GNU General Public License v2.0

40 stars 9 forks source link

Problem with single node multiprocessing (changing BATCH_PROC_SYSTEM does not work) #19

Closed AldoCP closed 5 years ago

AldoCP commented 5 years ago

Apparently there is an issue when using SyConn on some qsub systems. I have been running the following command, using either the default using either the default BATCH_PROC_SYSTEM = 'SLURM' or BATCH_PROC_SYSTEM = None on the global_params.py file: python SyConn/scripts/example_run/start.py --example_cube=2 --working_dir=SyConn/scripts/example_run/wd6

SyConn's verbose shows this warning:

BatchJobSystem 'SLURM' specified but failed with error 'Command 'squeue' returned non-zero exit status 127.' not found, switching to single node multiprocessing.

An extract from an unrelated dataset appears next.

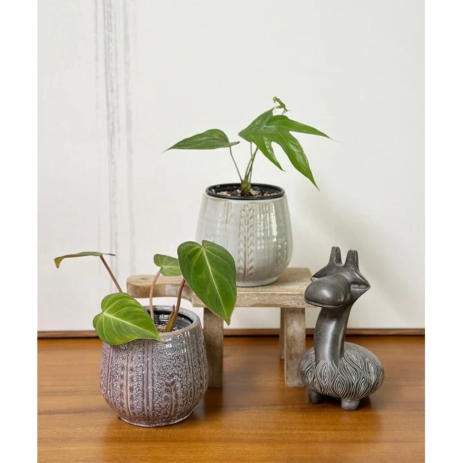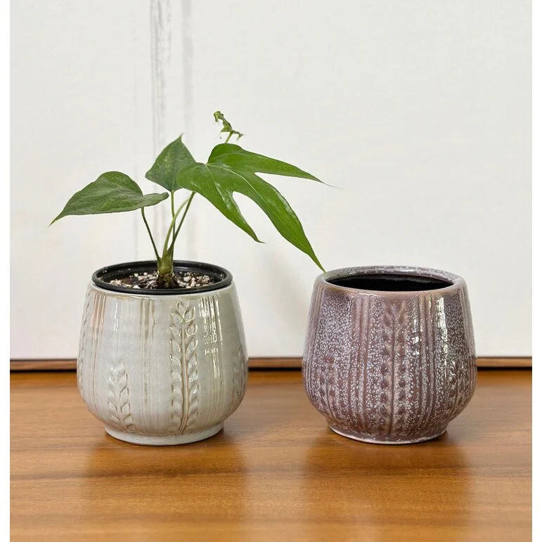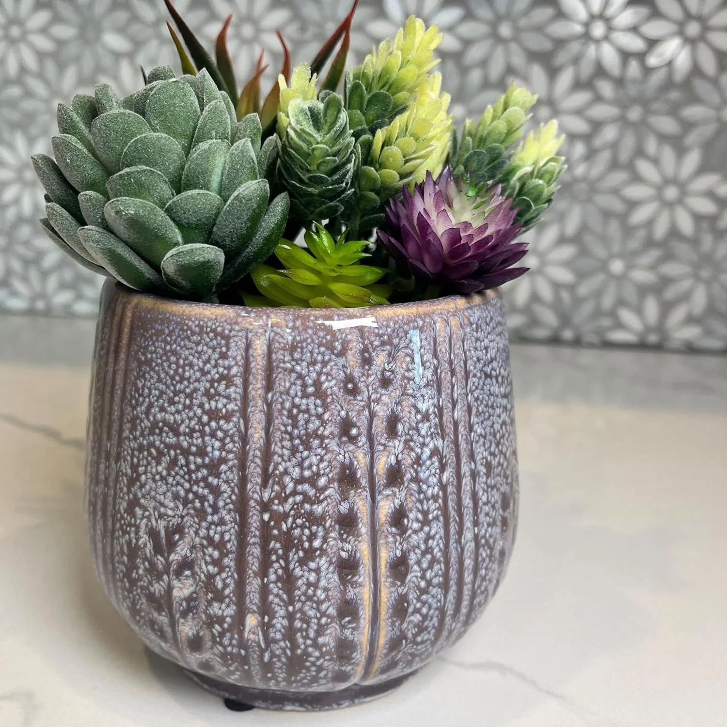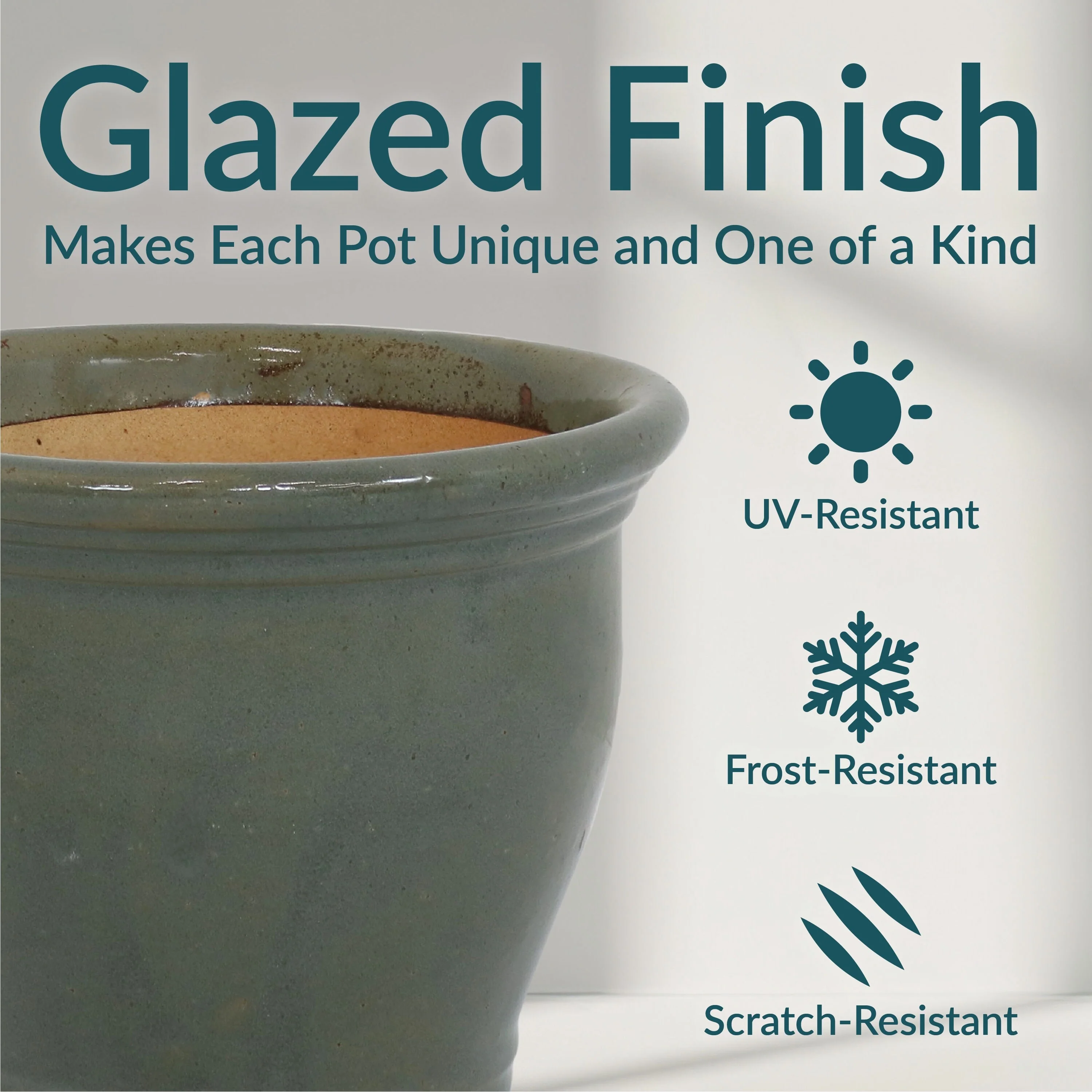 Sunnydaze Studio Glazed Ceramic Planter - Set of 2 - 11-Inch - Gray

And, after a while, it fails wih this error:

Traceback (most recent call last):
  File "SyConn/scripts/example_run/start.py", line 173, in <module>
    exec_multiview.run_glia_rendering()
  File "/home/SyConn/syconn/exec/exec_multiview.py", line 887, in run_glia_rendering
    additional_flags="--gres=gpu:1", remove_jobfolder=True)
  File "/home/SyConn/syconn/mp/batchjob_utils.py", line 154, in QSUB_script
    show_progress=show_progress)
  File "/home/SyConn/syconn/mp/batchjob_utils.py", line 581, in batchjob_fallback
    out_files), len(params)))
ValueError: 4/4 Batchjob fallback worker failed.

In an additional test, setting BATCH_PROC_SYSTEM = 'QSUB' leads to an error message soon after launching the program:

 predict_dense[15839] ERROR All submitted jobs have failed. Re-submission will not be initiated. Please check                                 your submitted code.
Traceback (most recent call last):
  File "SyConn/scripts/example_run/start.py", line 159, in <module>
    exec_dense_prediction.predict_myelin()  # myelin is not needed before `run_create_neuron_ssd`
  File "/home/SyConn/syconn/exec/exec_dense_prediction.py", line 42, in predict_myelin
    target_channels=[(1, )], target_names=['myelin'])
  File "/home/SyConn/syconn/handler/prediction.py", line 633, in predict_dense_to_kd
    n_cores=n_cores_per_job, remove_jobfolder=True)
  File "/home/SyConn/syconn/mp/batchjob_utils.py", line 351, in QSUB_script
    raise Exception(msg)
Exception: All submitted jobs have failed. Re-submission will not be initiated. Please check your submitted code.

I'm attaching the logs from the BATCH_PROC_SYSTEM = None run. Am I probably missing some parameter? Your help will be appreciated, thanks!

example_run.log glia_view_rendering.log create_rag.log create_sds.log dense_prediction_myelin.log

pschubert commented 5 years ago

Unfortunately I could not reproduce the described issue by running a current master build on any of our machines (example cube 1, BATCH_PROC_SYSTEM=None). I addressed a potential issue in one of the subsequent steps (3/8 - Neuron rendering) in the latest commit.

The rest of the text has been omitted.